Маленький Бло с любопытством разглядывал канцлера, которого хлестала мелкая дрожь. Он не мог видеть то, что видел тайный советник их величества, он лишь пробормотал заклинание из «Книги пророчеств», совсем коротенькое, призванное подтолкнуть сомневающегося к решению наитвердейшему, каковое и подсунула память как нельзя вовремя, дабы подсечь жертву, нанизав помыслы её на крючок соблазна. Да вот незадача: волнение последней стало передаваться и ему – шуршику, отчего черно-бурый хитрован немало насторожился: а не поспешил ли? Не сболтнул ли чего лишнего? А ещё через секундочку зверя и вовсе в жар бросило при мысли, а почему вообще на ум пришло именно это заклинание, а не какое другое? Неужели оно не из простых, не из тех, что можно позволить себе бубнить ежедневно, бросая на стол гадальные кости?

Я не верую в любовь —

жаден человек.

Погоняет им соблазн,

попирает грех.

Сомневаюсь в силе клятв —

есть и им цена,

Если туг твой кошелёк,

а рука щедра.

Песня оборвалась внезапно. Огонь лопнул, выжав из поленьев струйку сизого дыма. И когда канцлер пришёл в себя, то инстинктивно перекрестился, осмысливая увиденное. Когда же повернулся к ушастому гостю, чтобы спросить, что всё это значит? – того и след простыл.
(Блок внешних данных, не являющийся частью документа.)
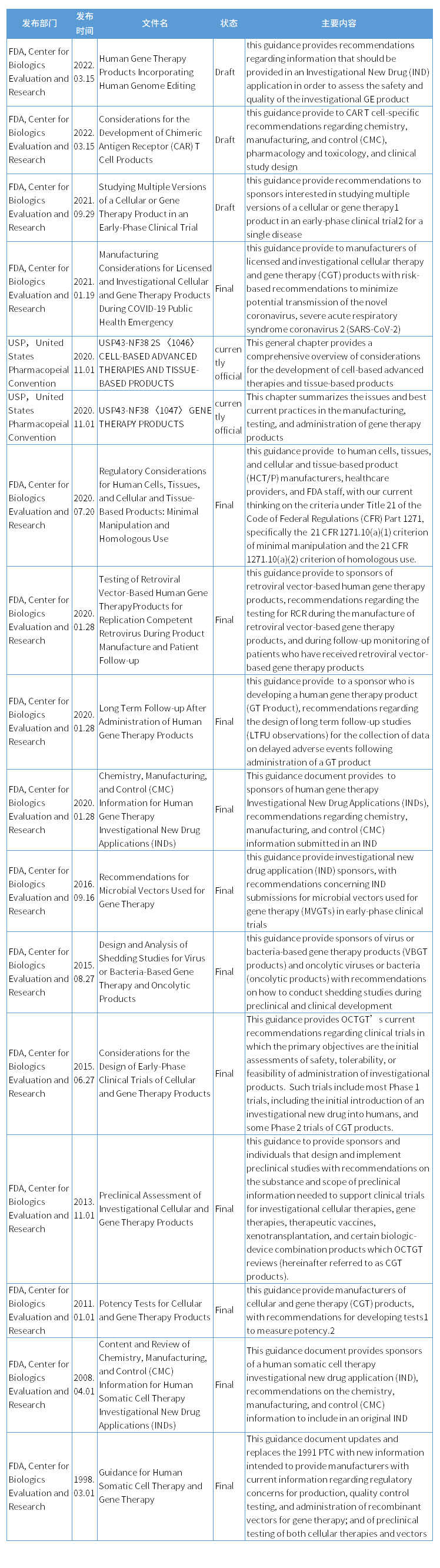 以下為國內現行相關的主要參考指導文件,感興趣的小伙伴可去公眾號后臺(tai)回復“CGT法規”,下(xia)載相關文(wen)件(jian)原件(jian)。

Будраш хмыкнул, покачивая головой, и вдруг впервые за очень долгое время в нём прочно угнездилась уверенность: у него всё получится, теперь непременно! Отныне всё и всегда будет происходить так, как он хочет! И предложение черно-бурой белки, заявившейся к нему среди ночи, уже не казалось такой уж нелепостью, напротив, было не лишено смысла. Дело только в его согласии…

И это новое, незнакомое чувство растянуло тонкие губы тайного советника в улыбку:

– Ну, если ты соврал мне, шуршик, гляди!

* * *

Маленький Бло сидел на крыше королевского замка, обхватив флюгер, и боялся выпустить его из лап. Он с ужасом осознавал: произнесённое им в апартаментах канцлера заклинание, оказалось одним из трёх «заклятий Великой Мглы», что запрещены под страхом смерти! Племя диких охотников на человеческие сердца не то что произносить, даже заговаривать о них не смело! А он ляпнул, пупындрик растудыт!

И только великий комбинатор подумал об этом, как пришлось припухнуть ещё более: шерсть на лапах внезапно встала дыбом, загривок ощетинился жёстким волосом, а уж что творилось в штанах – описывать и вовсе не прилично, ибо они вздулись, превратив зверя в подобие снеговика у рождественской ёлки, так что, захоти почесаться, даже коготок не помог бы. Воздух наполнился непонятной субстанцией, отчего захотелось хихикнуть раз, потом другой. И хотя серьёзность момента заставляла бедолагу брать себя в руки, мордаха упрямо расплывалась в весёлую улыбку. Тут бы Бло задуматься, что образовавшаяся припухлость и щекотка в чреслах – неспроста, но в следующее мгновение вторая молния осветила ночь яркой вспышкой и прошила флюгер вместе с хихикающим ушастиком, отчего последний задымился, словно его поджарили.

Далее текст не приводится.